This vignette describes analysis of individual bifurcation points based on a reconstructed transcriptional tree. As example, it explores bifurcation point between sensory and autonomic nervous systems in neural crest. The guideline starts with tree reconstruction, identifies fate-specific genes and estimates timing of their activation, assess existence and formation of fate-biases, and predicts time of genes inclusion in fate-biased phase.
library(igraph)
library(mgcv)
library(quadprog)
library(pcaMethods)
library(Rcpp)
library(inline)
library(RcppArmadillo)
library(pbapply)
library(crestree)
library(ggplot2); library(gridExtra); library(grid);
data(crest)
emb <- crest$emb
clcol <- crest$clcol
nc.cells <- crest$nc.cells
wgm <- crest$wgm
wgwm <- crest$wgwm # matrix of expression weights
fpm <- read.table("http://pklab.med.harvard.edu/ruslan/neural_crest/fpm.txt",header=TRUE)
fpm <- as.matrix(fpm)
genes.tree <- crest$genes.tree
See manual the guide for tree reconstruction for detailed instructions. The tree can be either manually reconstructed:
M <- length(nc.cells);
lambda <- 250;
sigma <- 0.04
ppt <- ppt.tree(X=wgm[,nc.cells], W=wgwm[,nc.cells], emb=emb, lambda=250, sigma=0.04, metrics="cosine", M=M, err.cut = 5e-3, n.steps=30, seed=1, plot=FALSE)

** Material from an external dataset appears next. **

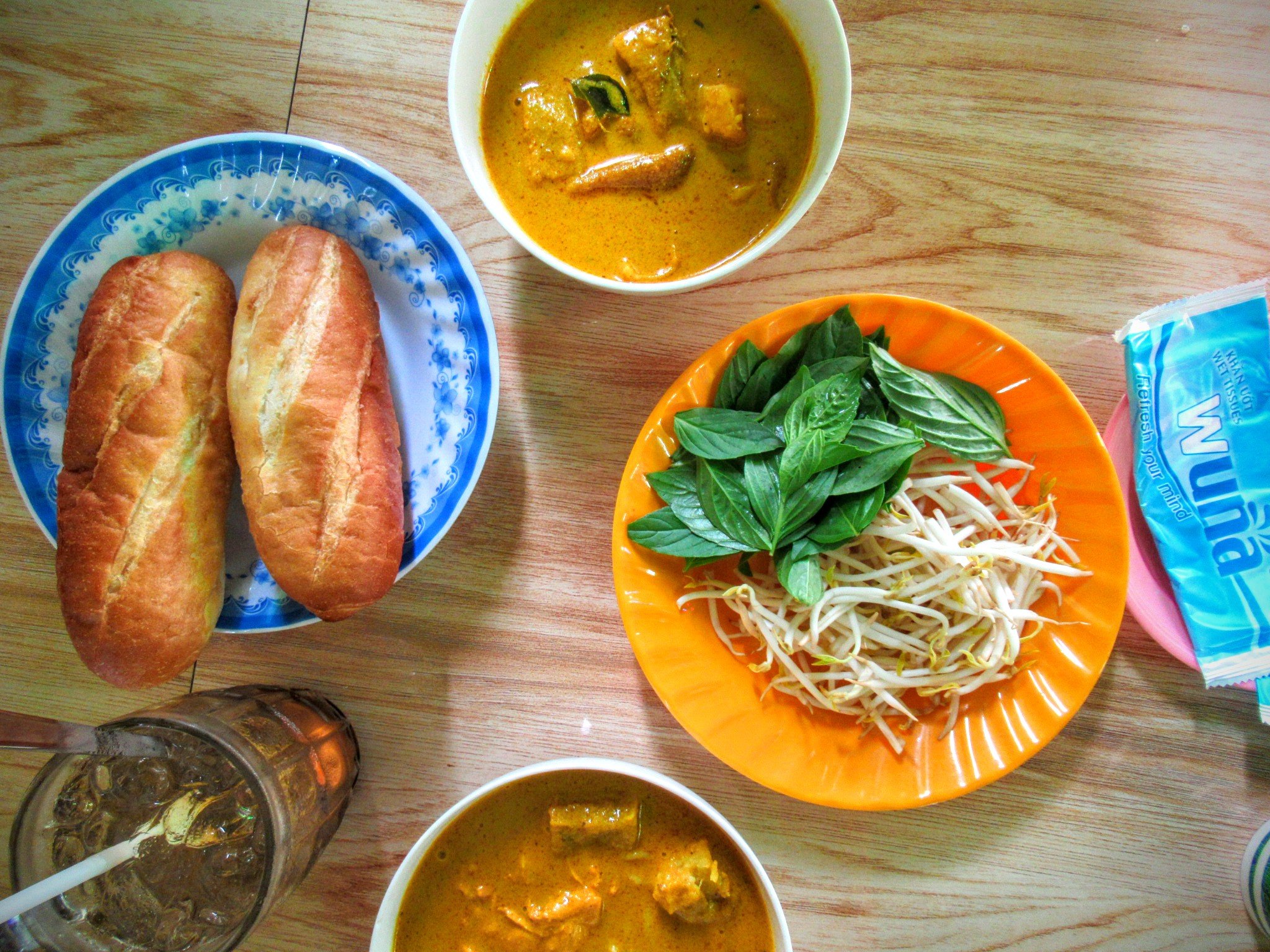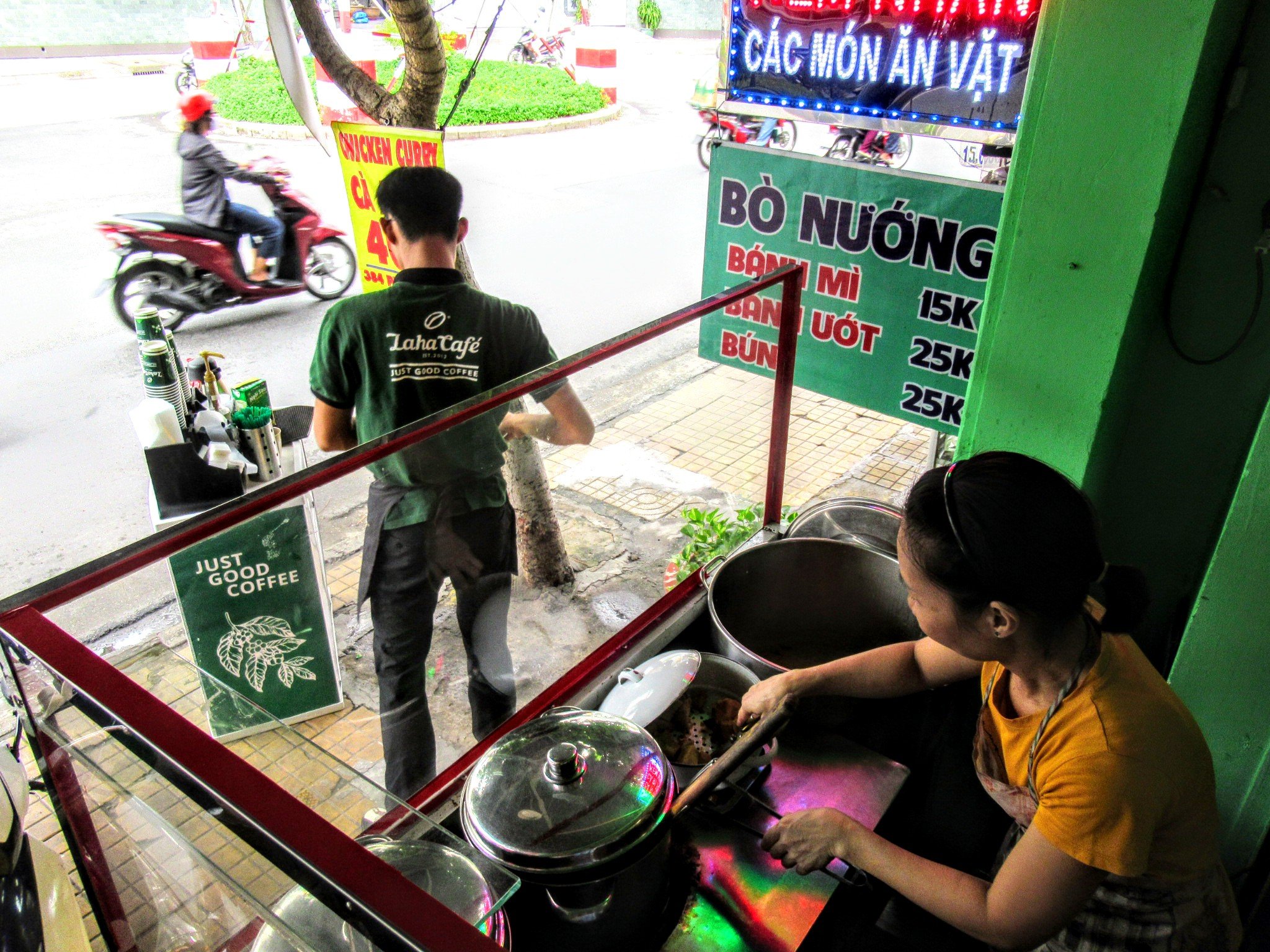 Into the broth, you can choose from a number of accoutrements, including red chilli paste, finely sliced green chillies, salty fish sauce, a squeeze of lime, a dollop of mắm tôm (pungent, fermented shrimp paste), and a sprinkling of sugar to cut the potency of the latter. On top of this, add crisp greenery for extra crunch, flavour, and nutritional value: shredded morning glory, banana blossom, bean sprouts, and watermint. Stir it all in with chopsticks and a spoon, and you’re good to go. It’s a world of textures and flavours; each mouthful a little different from the last: fishy, salty, sour, sweet, hearty, and refreshing. A bowl of bún riêu cua ốc costs between 55,000-65,000vnd ($2-$3).

ppt <- cleanup.branches(ppt,tips.remove = c(139,295))
ppt <- setroot(ppt,355)
ppt <- project.cells.onto.ppt(ppt,n.mapping = 100)
Alternatively, the tree object used in the paper can be downloaded from:
ppt <- readRDS(url("http://pklab.med.harvard.edu/ruslan/neural_crest/tree_structure_full.rds"))
Bifurcation point is charactarized by a progenitor and derivative branches.
plotppt(ppt,emb,tips=TRUE,forks=FALSE,cex.tree = 0.2,lwd.tree = 2)
We thus start with selection a root of progenitor branch (355) and two leaves of derivative branches (165 and 91):
root <- 355
leaves <- c(165,91)
Here is a fork charactarizing sensory-autonomic bifurcation point:
subtree <- extract.subtree(ppt,c(root,leaves))
plotppt(ppt,emb,tips=TRUE,forks=FALSE,cex.tree = 0.3,lwd.tree = 3,subtree=subtree)
A routine test.fork.genes
performs assessment of genes differentially expression between post-bifurcation branches:
fork.de <- test.fork.genes(ppt,fpm,root=root,leaves=leaves,n.mapping = 10)
A table fork.de
contains summary statistics of fold change effect
, p-value p
and adjusted p-value fdr
of differential expression between branches, magnitude pd1.a
(pd2.a
) and p-value pd1.p
(pd2.p
) of expression changes from first (second) derivative branch to progenitor branch:
head(fork.de[order(fork.de$p),],)
| | effect| p| fdr| st| stf| pd1.a| pd1.p| pd2.a| pd2.p| |:-------|---------:|--:|---:|---:|---:|---------:|-----:|----------:|---------:| |Neurog2 | 1.9032796| 0| 0| 0.9| 0.9| 0.1012255| 0| -0.0262510| 0.0001858| |Dll1 | 1.4404789| 0| 0| 1.0| 1.0| 0.0976255| 0| 0.0043581| 0.3941055| |Srrm4 | 0.8383684| 0| 0| 1.0| 1.0| 0.0646809| 0| 0.0099734| 0.0002647| |Mfng | 0.9532576| 0| 0| 1.0| 1.0| 0.0630761| 0| 0.0034360| 0.4424417| |Eya2 | 1.0311280| 0| 0| 0.9| 0.9| 0.0737302| 0| 0.0082446| 0.0035890| |Pcdh8 | 1.1417276| 0| 0| 1.0| 0.9| 0.0515220| 0| -0.0193619| 0.0000199|
We next consider a gene to be preferentially expressed along the first (second) branch if it has effect.b1
(effect.b2
) increased expression compared to another post-bifurcation branch and significant increase (p < 0.05) relative to progenitor branch:
fork.de <- branch.specific.genes(fork.de,effect.b1 = 0.1,effect.b2 = 0.3)
Column state
characterizes genes that are specific to first (1), second (2), or neither (0) of derivative branches.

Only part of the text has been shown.